We are pleased to announce a new ongoing series, Committed Cinema, which will feature artists whose films and videos arise out of political conviction and aesthetic innovation to explore vital and urgent issues of our times. They provide us with a cinema that is thought provoking and intelligent, often opinionated, and always undaunted in its inquiry. If cinema can create a desire for another reality, these films foster an aspiration for a more just and humanitarian one.
We open our series with John Gianvito, a filmmaker and curator living and teaching in the Boston area, who has long created politically engaged cinema. He has made films about the Gulf and Afghanistan Wars and toxic pollution from military bases in the Philippines, as well as a chronicle of American progressives. He has championed a cinema that matters, that, in his words, “connected me more profoundly to this existence that enmeshes us,” against what he calls the “cinema of alienation and distraction.”

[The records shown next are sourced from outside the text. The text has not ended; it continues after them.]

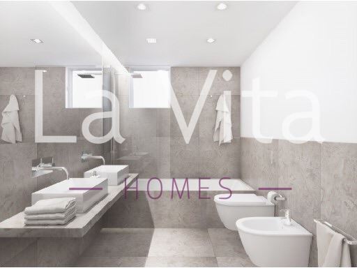 As casas de banho das suites contam com louças sanitárias e torneiras Cifial, chão e paredes com revestimento a mármore e sistema de aquecimento de pavimento radiante.
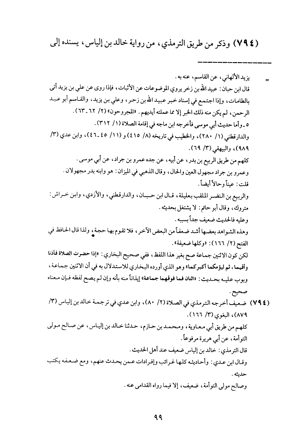 (794) وَذكر من طَرِيق التِّرْمِذِيّ، من رِوَايَة خَالِد بن إلْيَاس، يسْندهُ إِلَى
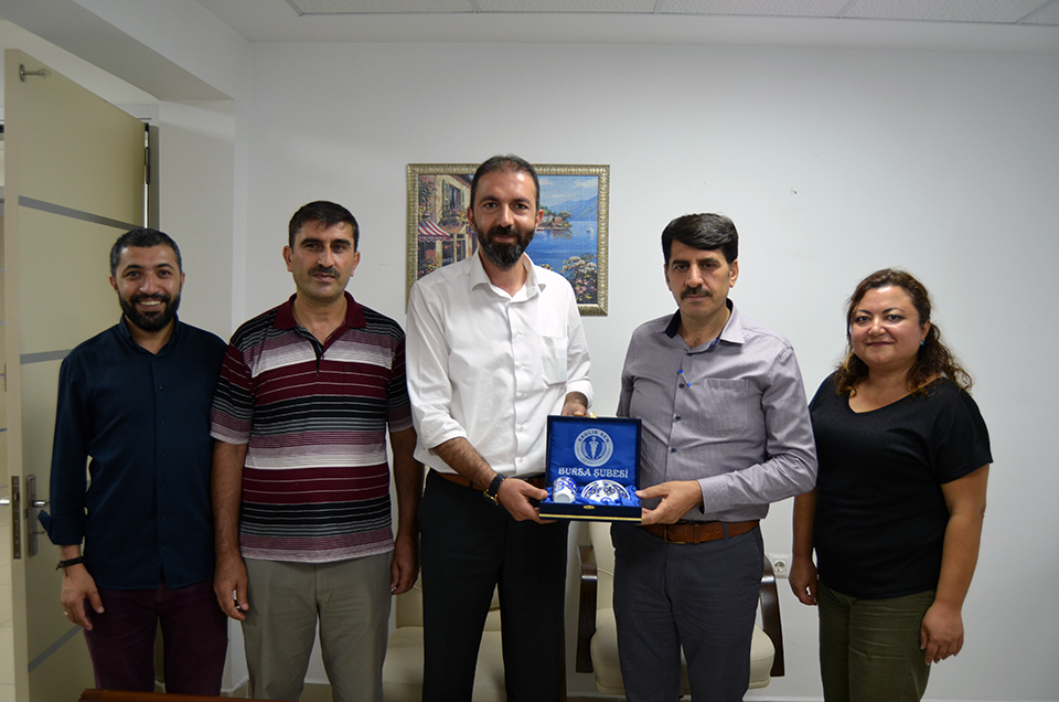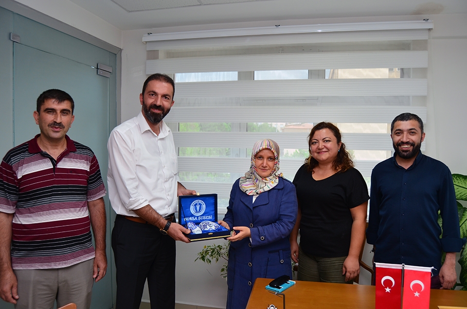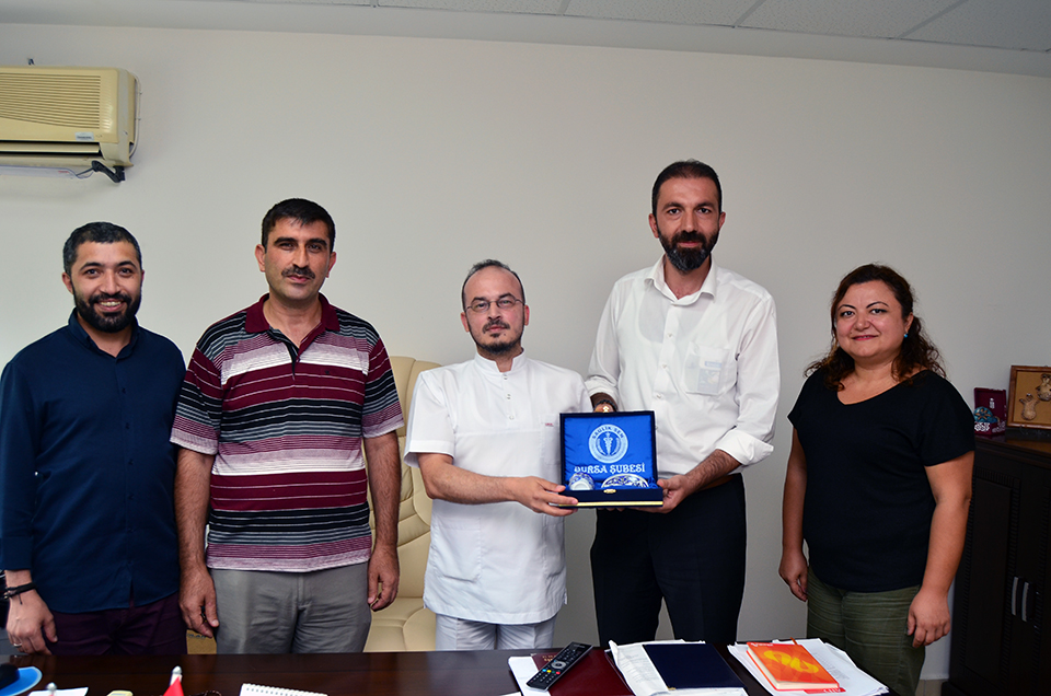 Sağlık-Sen Bursa Şube Başkanımız Gökhan YÜNKÜL, Başkan Yardımcımız Yusuf TURGUT hastane temsilcilerimiz ile Bursa Ağız ve Diş Sağlığı Hastanesi yöneticilerini ziyaret etti. Hastane Başhekimi Dt. Lütfi ÇİFTCİ'yi ziyaretinde konuşan Şube Başkanımız Gökhan YÜNKÜL Bursa ADS Hastanesi yönetiminin başarılı çalışmaları ile takdir edildğini, bir çok yeni proje ile kamuoyunun takdirini kazandığını belirtti. Çalışan memnuniyetinin önemli olduğunu belirten YÜNKÜL "yönetim kadrosunun hasta memnuniyeti kadar çalışan memnuniyetinide gözetmesinden memnuniyet duyuyoruz. Çalışanlar ile iletişim çok önemli, bu hususta başta başhekimimiz olmak üzere yöneticilerimizin bu hususa önem vermesi ve bu konuda çalışanlardan gelen geri dönüşlerin pozitif olması bizleri ziyadesi ile memnun etmekte." dedi. Ziyaretten duyduğu memnuniyeti dile getiren Başhekim Dt.Lütfi ÇİFTCİ sivil toplum kuruluşları ile iletişime önem verdiklerini, Sağlık-Sen Bursa Şubesinin başarılı çalışmalarını takdir ettiklerini belirterek Sağlık-Sen'den gelen görüş ve önerileri önemsediklerini belirtti.
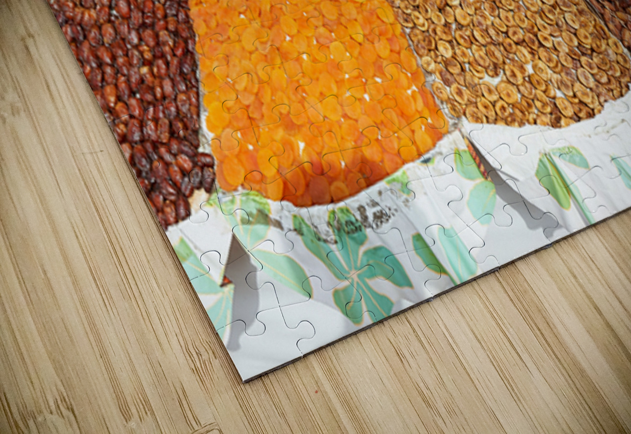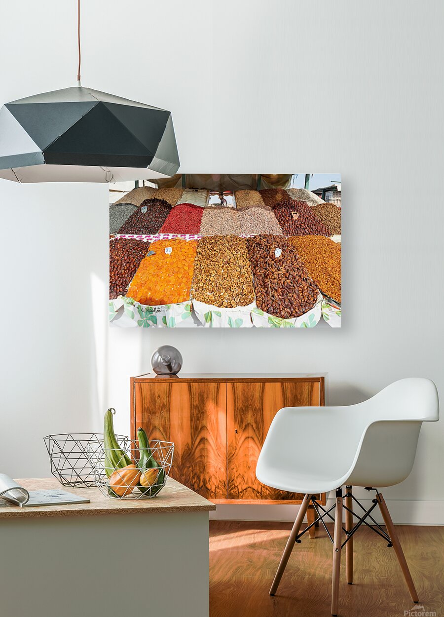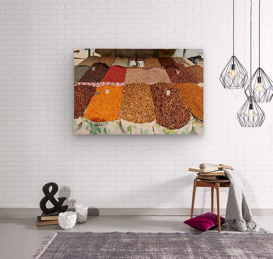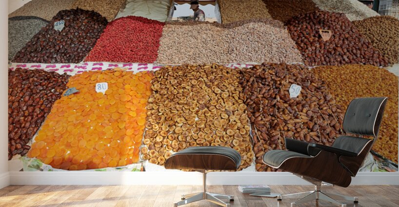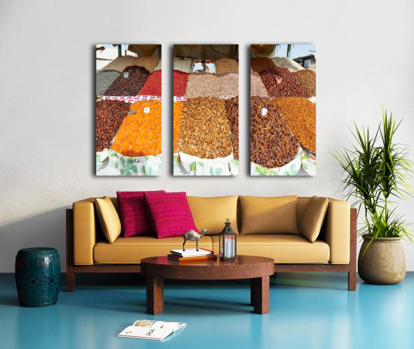 "Fruit vendors sell dried fruit in Marrakesh Morocco" in a framed print.
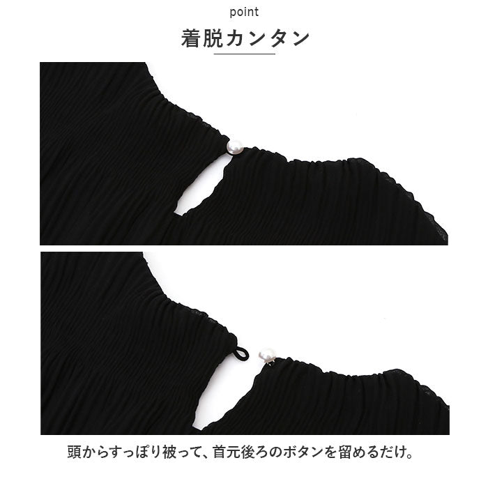 ・透け感のあるシアー素材を重ねた程よいフリルデザインで、上品な印象に♪
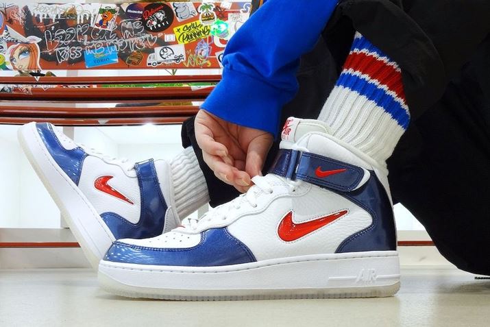 本モデルは、毎年7月4日の「独立記念日(インディペンデンスデイ)」を祝してナイキからリリースされた「ナイキ エア フォース 1 MID QS インディペンデンスデイ」の復刻モデル。アメリカ合衆国の星条旗を連想させる「ホワイト×ブルー×レッド」のトリコロールカラーがポイントで、初夏にふさわしい鮮やかなカラーリングです。また、パテントで切り替えたマッドガードやヒール、あでやかなジュエルスウッシュなど、オリジナルのディテール使いも忠実に再現しています。
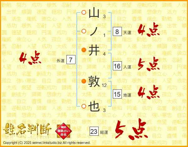 山(3画)ノ(1画)井(4画) 敦(12画)也(3画)
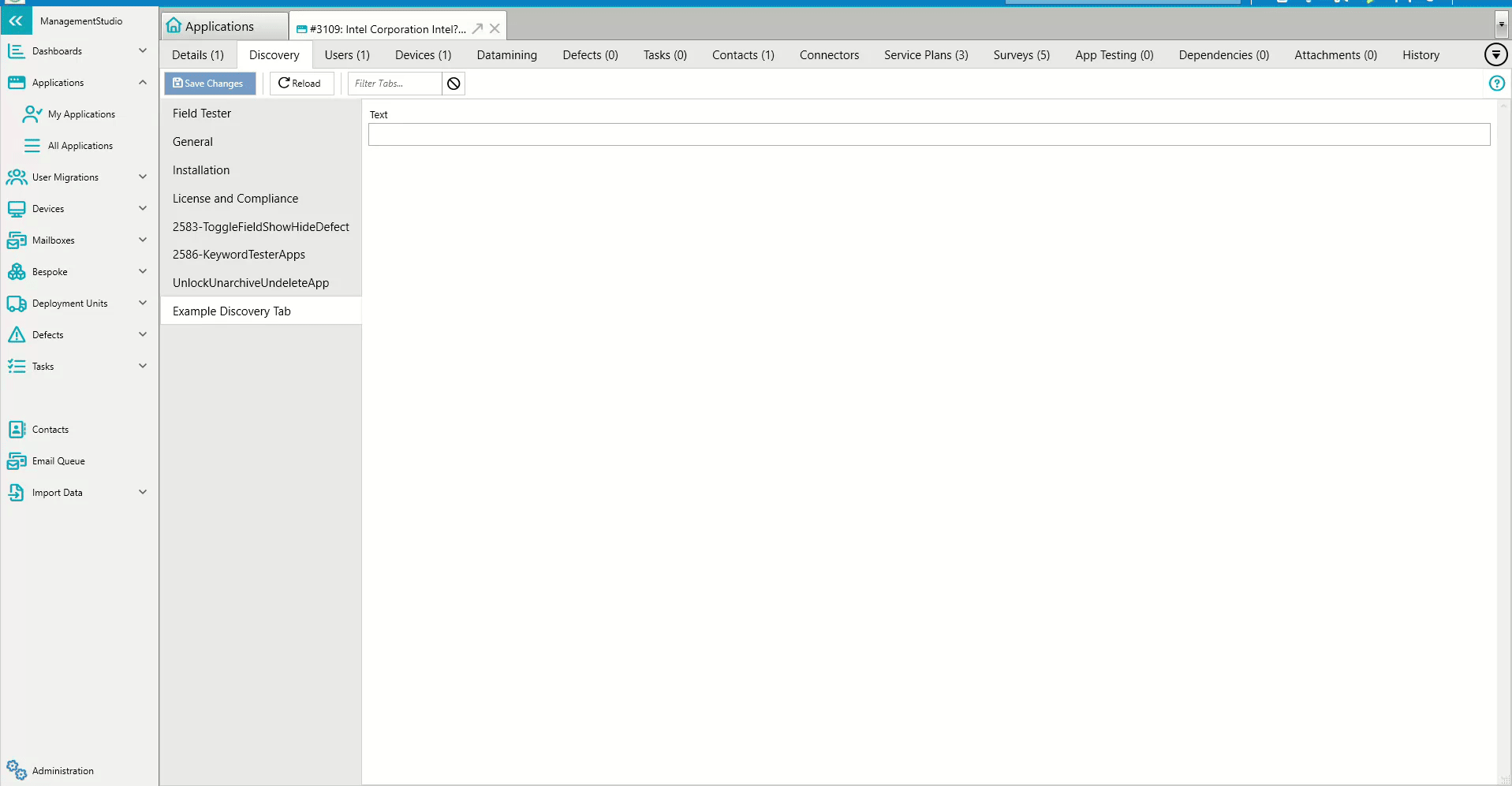 Custom Formssection and selectDiscoveryto open the Discovery management screen. - Click the
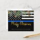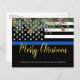 Envía saludos navideños de Feliz a amigos, familia, compañeros de los departamentos de aplicación de la ley y a tu comunidad con esta tarjeta de Navidad especial de la policía de la Línea Azul delgada - Bandera estadounidense con los colores de la bandera de la policía, negro y azul moderno con hojas y bayas huecas y un elegante guión de oro. Personalice su mensaje y su apellido o departamento de policía . Estas tarjetas de Navidades de policía son perfectas para las familias de la policía y de las fuerzas del orden, así como para los departamentos de policía. DERECHOS RESERVADOS © 2020 Judy Burrows, Black Dog Art - Todos los derechos reservados. Navidades de policía de línea azul delgada tarjeta postal de vacaciones
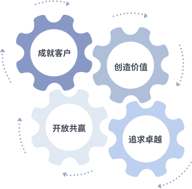 成就客户是一切决策的出发点,,,,创造价值是衡量所有工作的标准,,追求卓越是我们做事做人的态度,,开放共赢是我们的格局也是最终的结果。。。。价值观的齿轮环环相扣,,,,推动着组织里的每个人不断向前。。
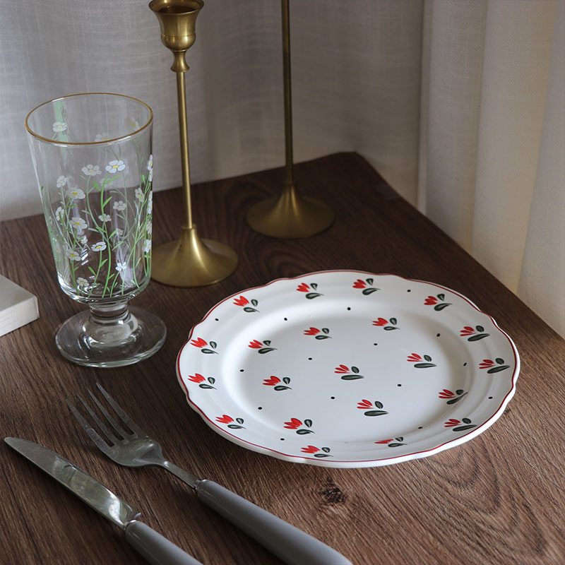 Blue edge English Little Rose Ceramic Disk 8 inch black Dot red side plate 8 inch pink side ceramic plate 8 inch yellow side ceramic plate 8 inch blue side ceramic plate 8 inch hand-drawn crayon porcelain
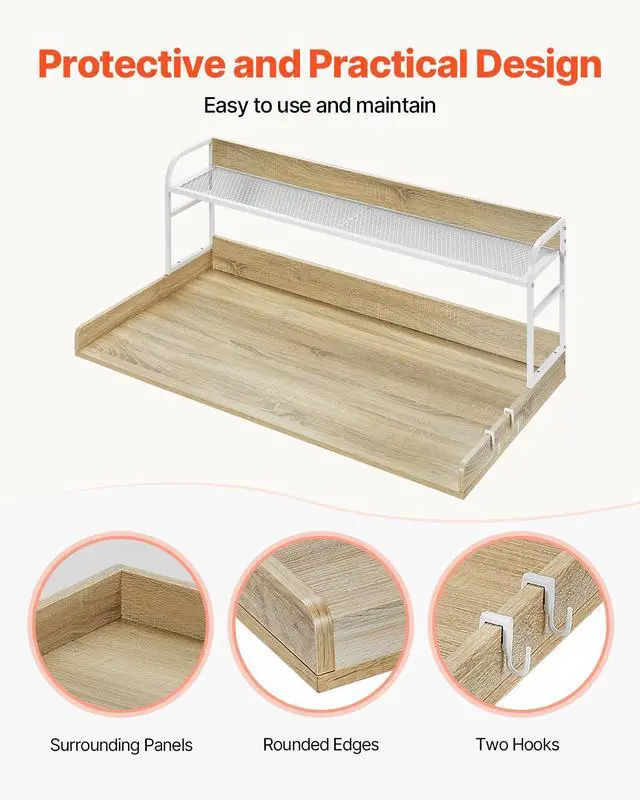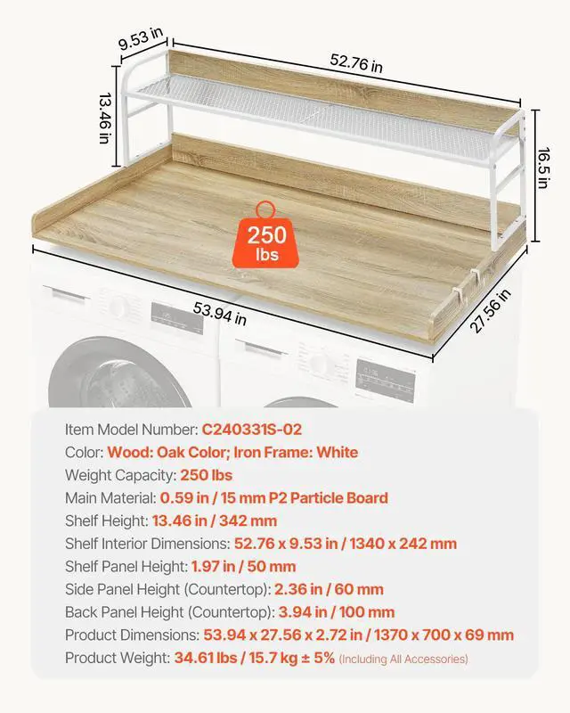 Iron Frame: White,Shelf Panel Height: 1.97 in / 50 mm,Back Panel Height (Countertop): 3.94 in / 100 mm,Weight Capacity: 250 lbs,Wood: Oak Color,Shelf Interior Dimensions: 52.76 x 9.53 in / 1340 x 242 mm,Item Model Number: C240331S-02,Product Weight: 34.61 lbs / 15.7 kg ± 5% (Including All Accessories),Material: 0.59 in / 15 mm P2 Particle Board,Shelf Height: 13.46 in / 342 mm,Side Panel Height (Countertop): 2.36 in / 60 mm,Product Dimensions: 53.94 x 27.56 x 16.50 in / 1370 x 700 x 419 mm
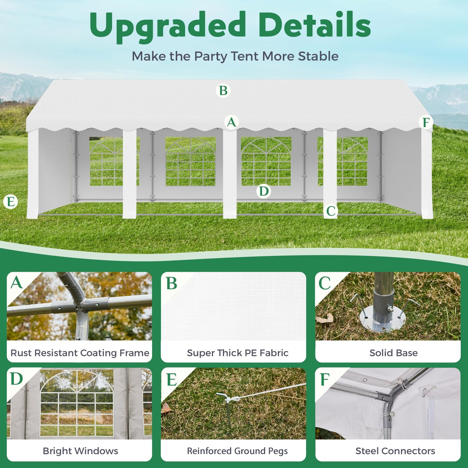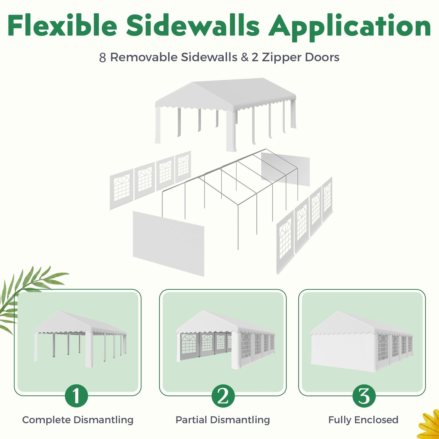 EROMMY 13x26ft Outdoor Party Tent, Heavy Duty Wedding Canopy with 8 Removable Sidewalls, 2 Roll-up Doors & 2 Storage Bags, Gazebo Shelter Tent for Party Event Commercials, White
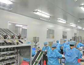 干净的走廊每天多次清洁消毒避免把细菌带入其他生产环节。10万级净化车间。

Our second guest, Paul Chan, defies easy categorization. He has commented, “I think that art can be any number of things at once, and they can all be contradictory.” A New York–based activist artist, Chan exhibits his videos, animations, and other media internationally in cinemas and galleries; founded a press that primarily publishes artists' writings and writings on art in digital and paper forms; and produced a site-specific theatrical production in New Orleans. Always surprising, Chan is drawn to situations that are confusing and perverse, and to making art that disrupts the order of things.